Keywords: Case fatality rate, COVID-19, Lockdowns, Mortality rate
Highlights
-
•
Presents the COVID-19 pandemic in a country and government response.
-
•
Identified percentage of elderly as a significant factor in the mortality rate in a country.
-
•
Established the spread (cases) and severity (percentage mortality) of the pandemic.
-
•
Presented a case for implementing standardized testing and data reporting protocols.
1. Introduction
In December 2019, doctors in The Hubei province of China started reporting cases of a new type of viral disease that they found hard to treat. The disease seemed to have originated in the city of Wuhan. Within a few weeks, the disease spread like wild fire across many provinces in China, prompting the authorities to effectuate a complete shutdown of economic, commercial, social, and cultural activities, to quell the spread of the virus.1 Within the span of 1–2 months, the virus had made landfall in Europe and America, spreading rapidly with the help of air travel and unrestricted movement of people across open borders (in Europe). By mid-March, the virus had landed in almost all of the UN member states and was declared a pandemic. Countries most affected by it had enacted some form of a lockdown or the other to stop its spread.

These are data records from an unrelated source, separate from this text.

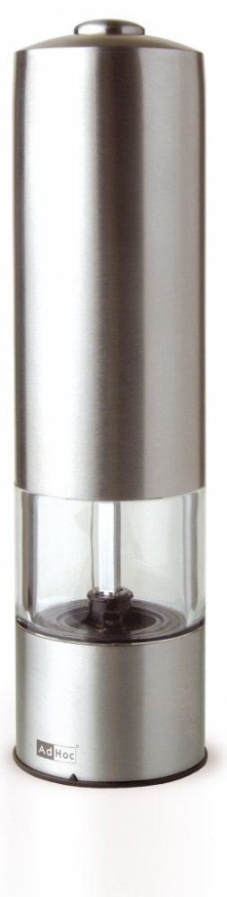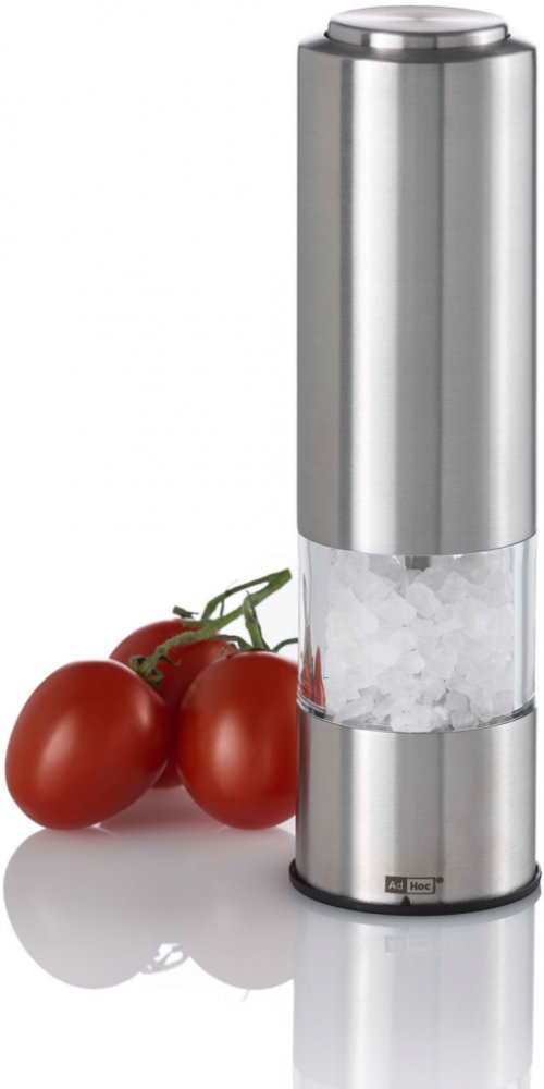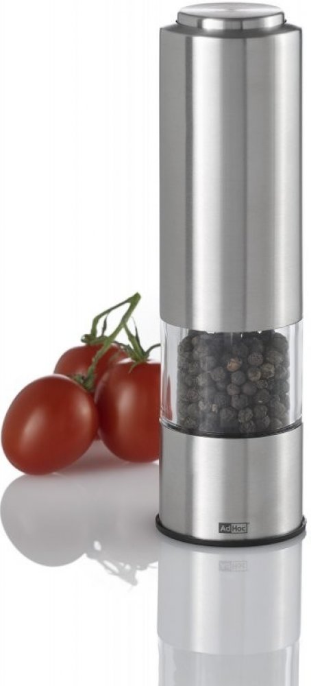 Elektrický mlýnek na pepř a sůl AdHoc PEPMATIK z nerezavějící oceli s LED osvětlením a mlecím mechanismem CeraCut, díky kterému lze snadno nastavit tloušťku mletí.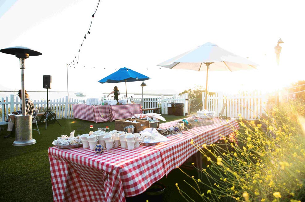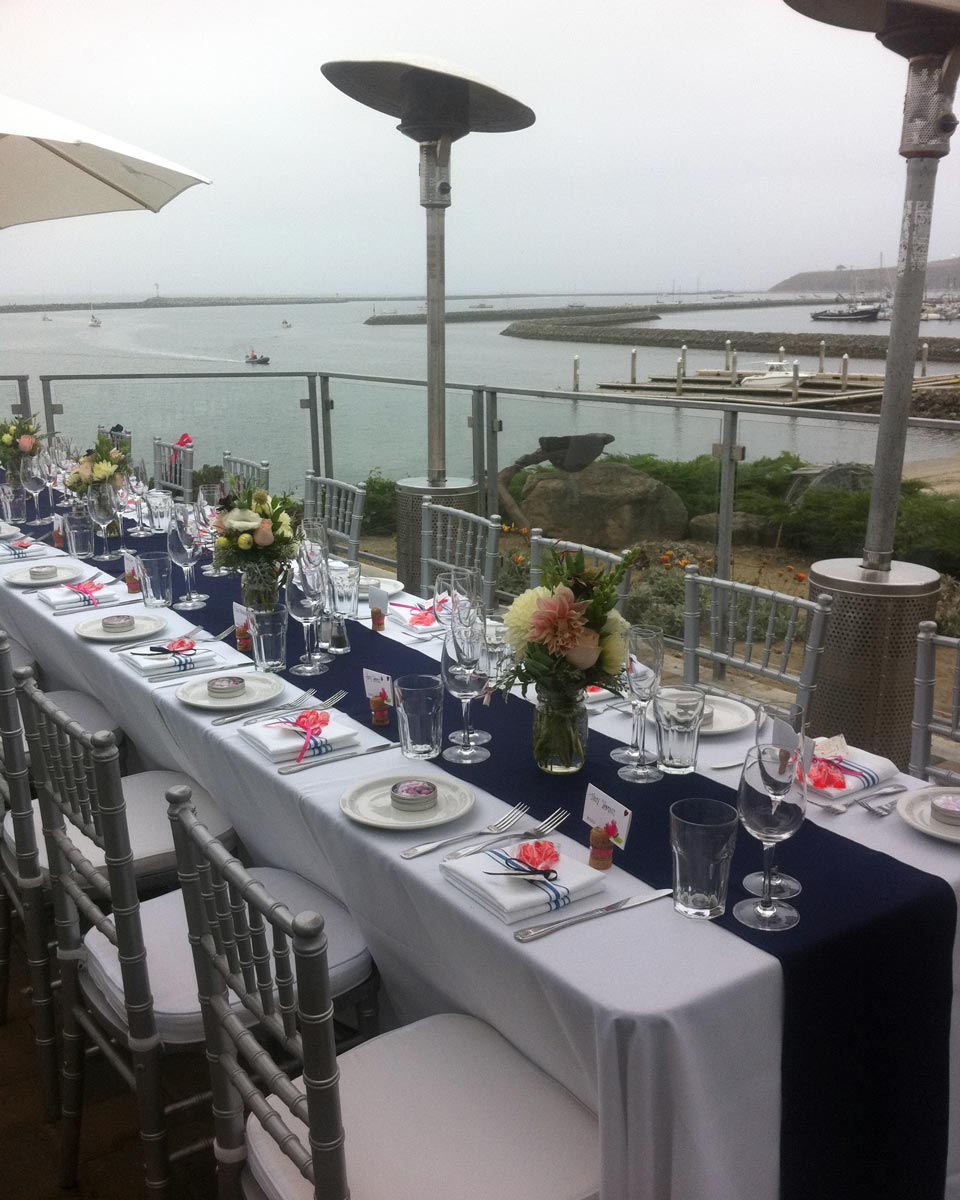 The North Patio directly overlooks the ocean with a view of the harbor and is a great location for an outdoor lunch or dinner. The patio can be optionally tented for more weather protection, and is a great location for a business meal, bridal shower, family dinner, or other special events.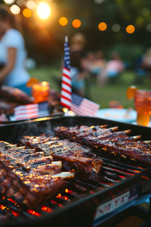 A lively backyard barbeque features ribs grilling, small American flags waving, refreshing drinks, people socializing and string lights creating a golden hour festive atmosphere.

Efforts were made to enforce social distancing in the early stages to various degrees in different countries to stop the growth rate from exponential. However, thus far, only a handful of countries have had success in curbing the virus. As of June 1, 2020: 6.22 million cumulative cases have been reported globally, with deaths and recoveries numbering at 370 thousand and 2.7 million, respectively.

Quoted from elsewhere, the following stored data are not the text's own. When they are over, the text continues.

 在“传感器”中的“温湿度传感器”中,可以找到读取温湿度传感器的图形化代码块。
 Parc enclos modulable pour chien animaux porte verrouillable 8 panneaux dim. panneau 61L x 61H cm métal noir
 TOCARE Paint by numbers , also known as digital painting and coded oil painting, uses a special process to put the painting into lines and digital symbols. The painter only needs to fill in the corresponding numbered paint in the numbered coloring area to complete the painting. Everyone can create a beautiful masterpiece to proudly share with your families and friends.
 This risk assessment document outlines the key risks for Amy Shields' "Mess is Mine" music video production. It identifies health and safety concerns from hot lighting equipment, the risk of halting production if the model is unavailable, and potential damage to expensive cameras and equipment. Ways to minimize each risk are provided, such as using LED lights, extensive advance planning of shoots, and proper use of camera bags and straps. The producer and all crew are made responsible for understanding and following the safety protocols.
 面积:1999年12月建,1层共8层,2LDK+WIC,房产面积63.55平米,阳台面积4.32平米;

This study aims to establish a basis for the causal relationship between the severity of the pandemic in a country and the government's handling. If such a relationship can be established, it can give governments vital insights that can be used to enact effective policy and legislation against the pandemic.
2. Scope of the study
This study will focus on drawing insights from publicly available data and statistics on the Coronavirus. The data that will be considered for the study are aggregated COVID-19 patient statistics like daily cases, deaths, recoveries, testing data, etc. Python has been used for carrying out the analysis. The study's depth will be limited to some exploratory data analysis, data analysis for correlation and cause-and-effect relationships, bivariate analysis, data visualization, and some k-Means clustering. Data from the worst affected countries (by cases) are considered in this analysis.
3. Methodology
The data used in the analysis conducted were obtained from publicly available, and the government reported statistics on COVID-19 patients in their countries. The primary dataset used is sourced from the John Hopkins University Center for System Science and Engineering (CSSE). The dataset consisted of aggregated data from various sources such as The WHO, European Center for Disease Prevention and Control, The United States CDC, and various other governmental and non-governmental organizations.

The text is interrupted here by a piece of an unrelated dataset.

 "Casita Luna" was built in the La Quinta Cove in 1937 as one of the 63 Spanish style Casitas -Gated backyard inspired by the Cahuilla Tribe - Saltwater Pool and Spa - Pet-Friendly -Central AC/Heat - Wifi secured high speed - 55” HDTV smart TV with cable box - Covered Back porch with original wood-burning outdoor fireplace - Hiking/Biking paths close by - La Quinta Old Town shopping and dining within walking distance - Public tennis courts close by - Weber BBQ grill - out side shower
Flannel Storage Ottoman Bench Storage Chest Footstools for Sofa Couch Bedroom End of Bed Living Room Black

The raw form data consisted of total cases segregated at city and district levels for every country. The cases were grouped by country in the analysis.
Link to the data source (GitHub): https://github.com/CSSEGISandData/COVID-19.
Testing data was collected from ourworldindata.org.
Link to the data source (ourworldindata.org): https://ourworldindata.org/grapher/number-of-covid-19-tests-per-confirmed-case.
The analysis is based on data up to June 1, 2020.
Statistical analyses were carried out on the data using well documented and practised methods. The software used is ubiquitous, open-source, and unquestioned in their accuracy and mode of operation. The data's sample size was big enough to consider the data to represent the population, and as such, generalizations could be made for the whole population using the insights obtained from analyzing the data.
Countries were separated into groups based on the percentage of their elderly population, and the COVID-19 mortality rate (total deaths/total cases).
The method is used to divide the countries into groups is the k-Means clustering method, based on the Elkan algorithm.2 The K-Means method aims to reduce intra cluster variance while maximizing inter-cluster variance.
Feature scaling was not needed as both the features were on a similar scale from the start, and both features were given equal priority in the clustering. The number of clusters and number of dimensions/features did not warrant giving any aforethought to considerations of computational costs and complexity. The initial centroids were selected at random from the dataset.
Five clusters are identified as they seemed to stratify the data in the most convenient and explanatory manner, without sacrificing too much in terms of the sum of the squared distance of all the clusters (loss/error function).
The analysis was carried out on the Jupyter Notebooks platform, using the Python programming language.
Python libraries Used:
-
•
Pandas - Used for storing data; Pandas is a data storage, handling, and manipulation package used with Python.
-
•
Matplotlib - Charts and graphs were generated using the pyplot library from Matplotlib, a popular data visualization package for Python.
-
•
Scikit-Learn - K-Means clustering was done with the help of the sklearn. Cluster library from scikit-learn, a popular machine learning, and data preprocessing package used with Python.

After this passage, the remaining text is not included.